§ Task objective
Output, exactly as written, the lines below from the one that has "另据统计,2021年上半年新" through the one that has "Beautiful end-unit townhouse"; nothing else, and no pictures.

[Records shown]

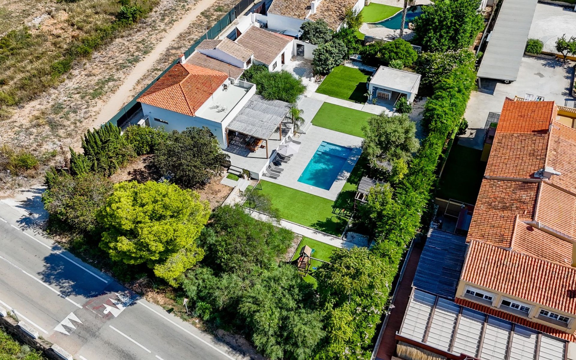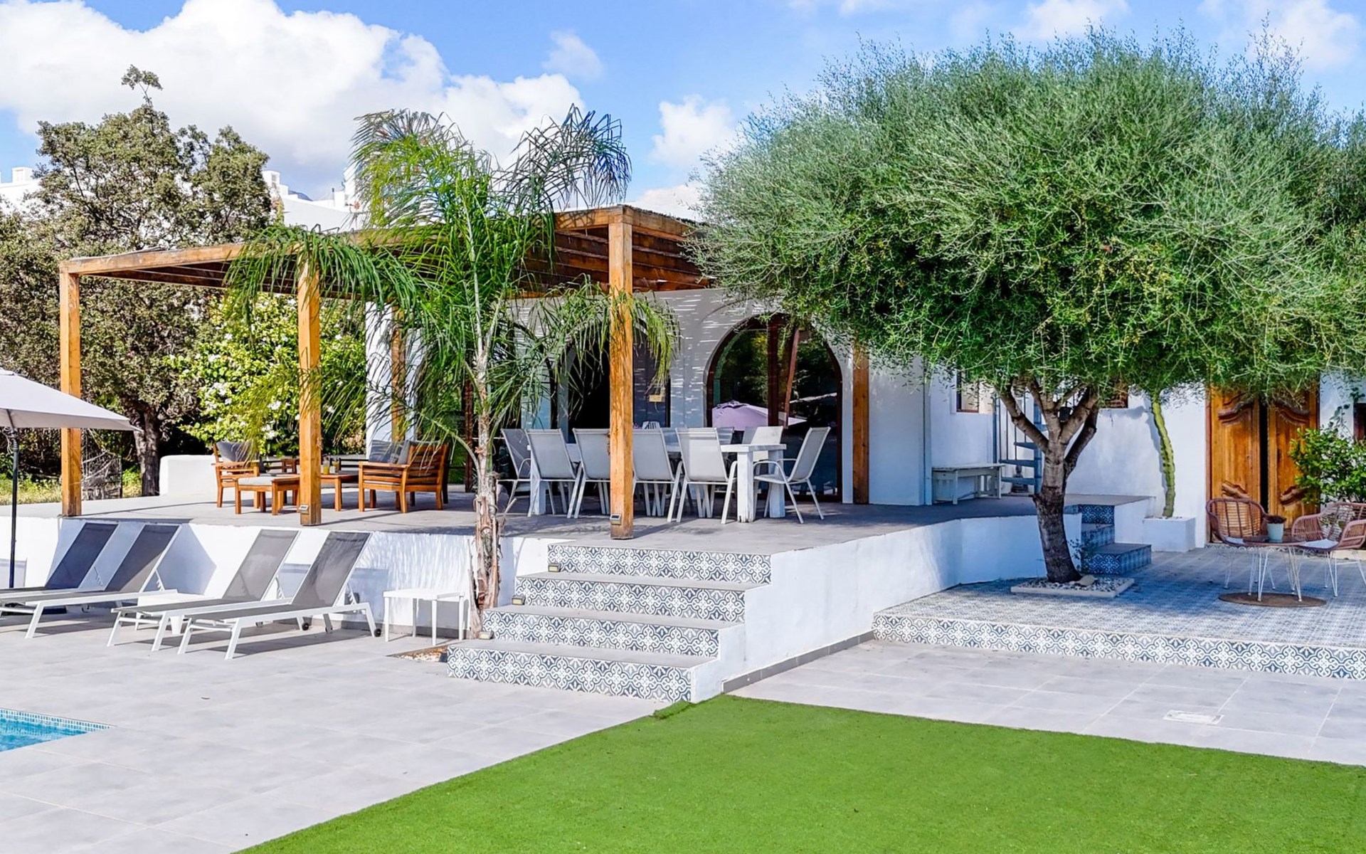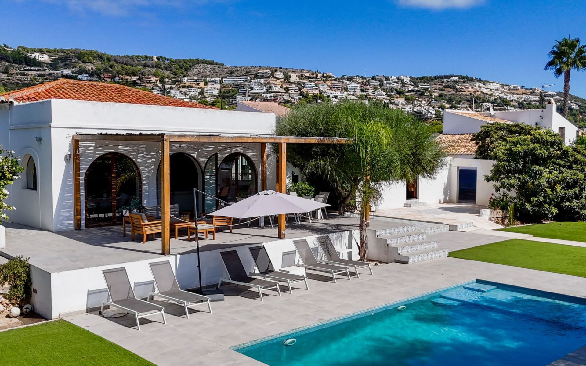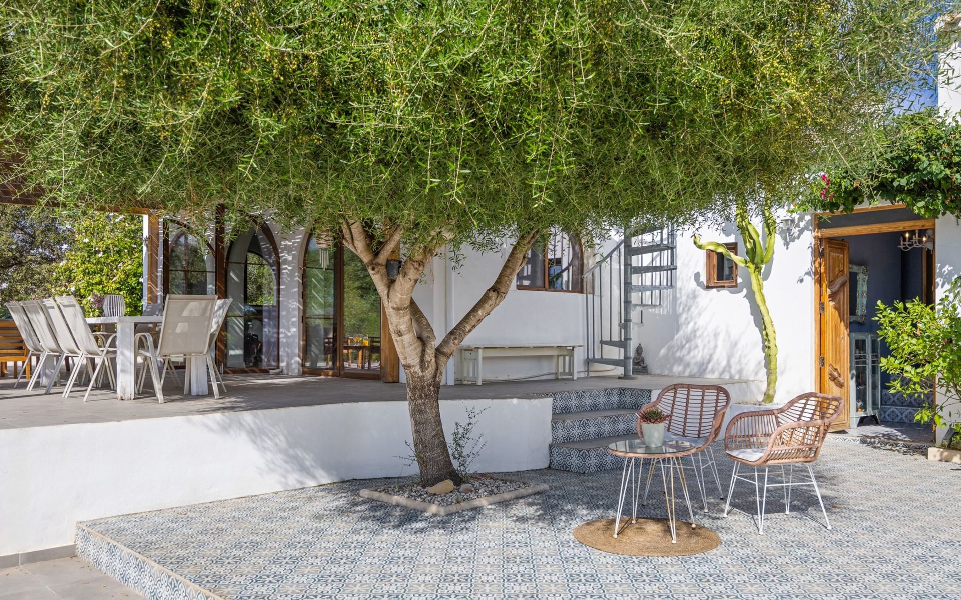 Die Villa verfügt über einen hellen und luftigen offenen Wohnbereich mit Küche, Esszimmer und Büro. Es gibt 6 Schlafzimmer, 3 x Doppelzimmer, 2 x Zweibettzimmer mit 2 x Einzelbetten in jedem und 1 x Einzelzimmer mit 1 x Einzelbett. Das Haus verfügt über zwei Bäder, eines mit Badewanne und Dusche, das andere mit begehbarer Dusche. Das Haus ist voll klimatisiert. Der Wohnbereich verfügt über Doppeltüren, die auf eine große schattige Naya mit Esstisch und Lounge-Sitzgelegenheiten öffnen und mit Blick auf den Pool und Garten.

[/Records shown]
[Records shown]

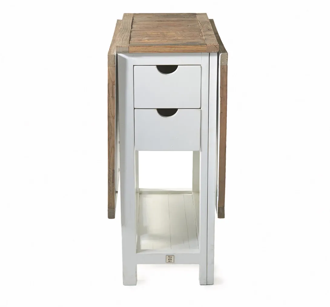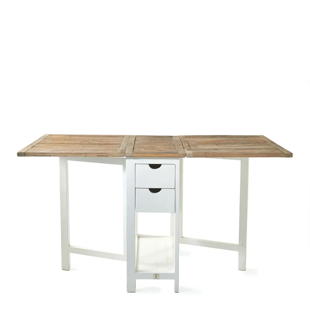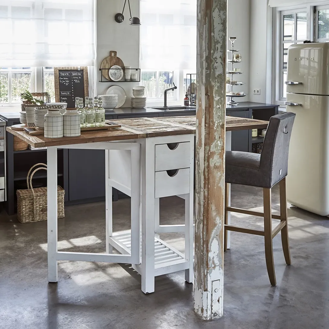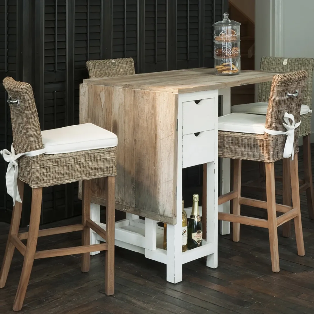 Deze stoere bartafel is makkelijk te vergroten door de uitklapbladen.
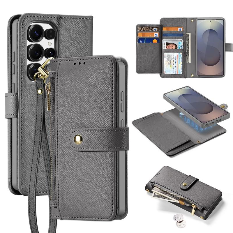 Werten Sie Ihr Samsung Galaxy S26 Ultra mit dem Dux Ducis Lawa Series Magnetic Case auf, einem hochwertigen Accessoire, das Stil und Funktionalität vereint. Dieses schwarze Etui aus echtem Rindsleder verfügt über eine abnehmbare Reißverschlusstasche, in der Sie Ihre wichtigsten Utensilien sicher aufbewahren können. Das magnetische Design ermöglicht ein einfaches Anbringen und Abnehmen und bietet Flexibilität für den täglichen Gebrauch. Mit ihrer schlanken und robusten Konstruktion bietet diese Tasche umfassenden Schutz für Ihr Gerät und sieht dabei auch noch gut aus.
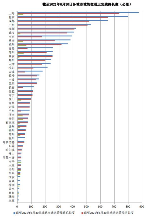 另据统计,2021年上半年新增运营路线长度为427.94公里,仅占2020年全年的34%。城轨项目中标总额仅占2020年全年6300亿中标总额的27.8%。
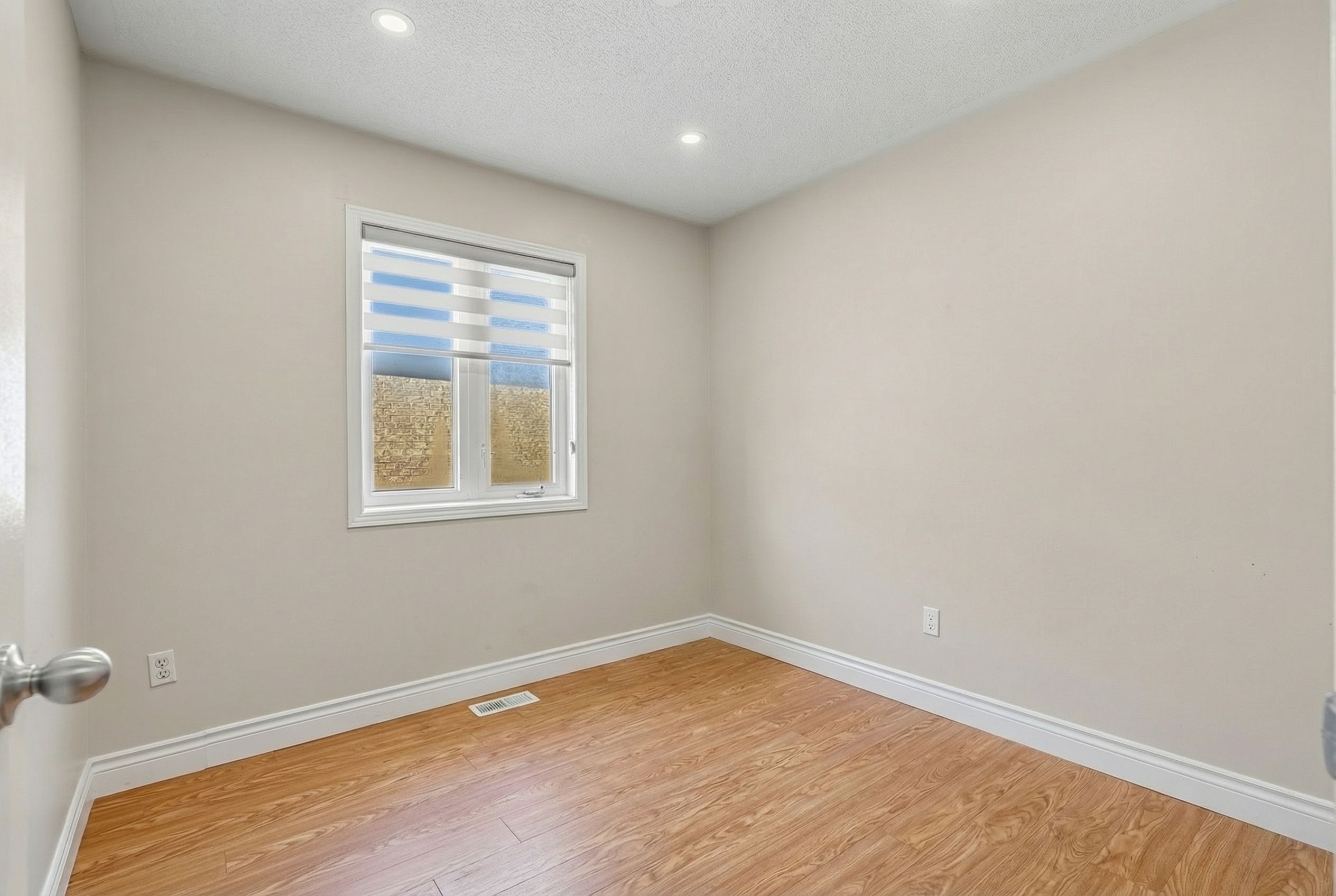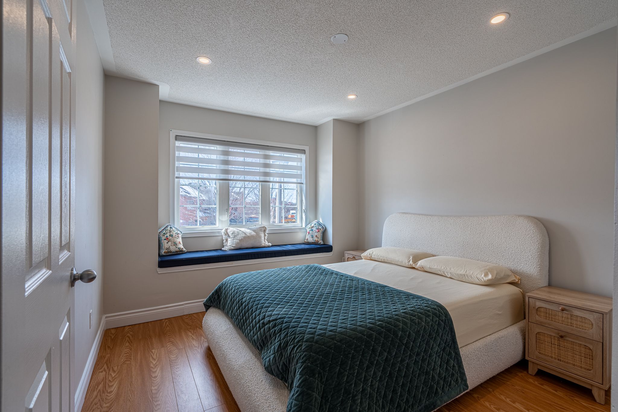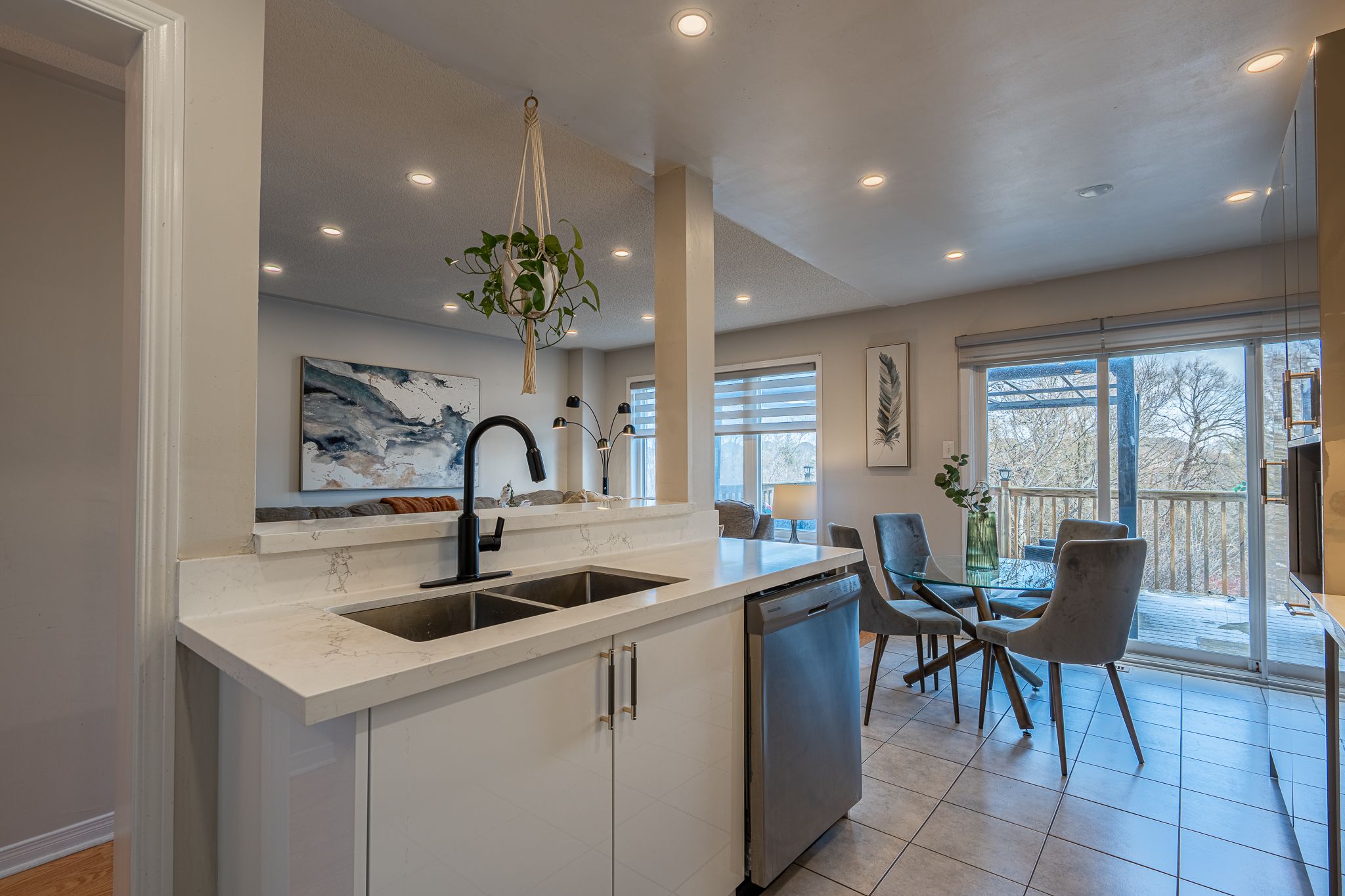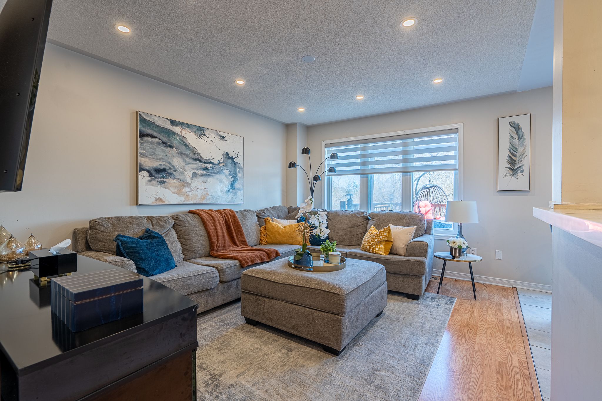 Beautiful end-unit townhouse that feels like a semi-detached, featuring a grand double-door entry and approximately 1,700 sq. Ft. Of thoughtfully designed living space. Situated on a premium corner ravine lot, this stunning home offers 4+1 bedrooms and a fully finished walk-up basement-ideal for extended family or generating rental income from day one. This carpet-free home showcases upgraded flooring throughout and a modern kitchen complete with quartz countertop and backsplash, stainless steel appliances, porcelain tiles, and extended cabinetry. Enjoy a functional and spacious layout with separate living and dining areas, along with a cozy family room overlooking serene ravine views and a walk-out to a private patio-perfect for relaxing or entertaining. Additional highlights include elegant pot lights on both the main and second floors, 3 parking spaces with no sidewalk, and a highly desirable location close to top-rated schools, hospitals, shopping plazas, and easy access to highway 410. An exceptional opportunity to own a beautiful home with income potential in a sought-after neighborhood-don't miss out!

[/Records shown]

§ Exercise response
 另据统计,2021年上半年新增运营路线长度为427.94公里,仅占2020年全年的34%。城轨项目中标总额仅占2020年全年6300亿中标总额的27.8%。
 Beautiful end-unit townhouse that feels like a semi-detached, featuring a grand double-door entry and approximately 1,700 sq. Ft. Of thoughtfully designed living space. Situated on a premium corner ravine lot, this stunning home offers 4+1 bedrooms and a fully finished walk-up basement-ideal for extended family or generating rental income from day one. This carpet-free home showcases upgraded flooring throughout and a modern kitchen complete with quartz countertop and backsplash, stainless steel appliances, porcelain tiles, and extended cabinetry. Enjoy a functional and spacious layout with separate living and dining areas, along with a cozy family room overlooking serene ravine views and a walk-out to a private patio-perfect for relaxing or entertaining. Additional highlights include elegant pot lights on both the main and second floors, 3 parking spaces with no sidewalk, and a highly desirable location close to top-rated schools, hospitals, shopping plazas, and easy access to highway 410. An exceptional opportunity to own a beautiful home with income potential in a sought-after neighborhood-don't miss out!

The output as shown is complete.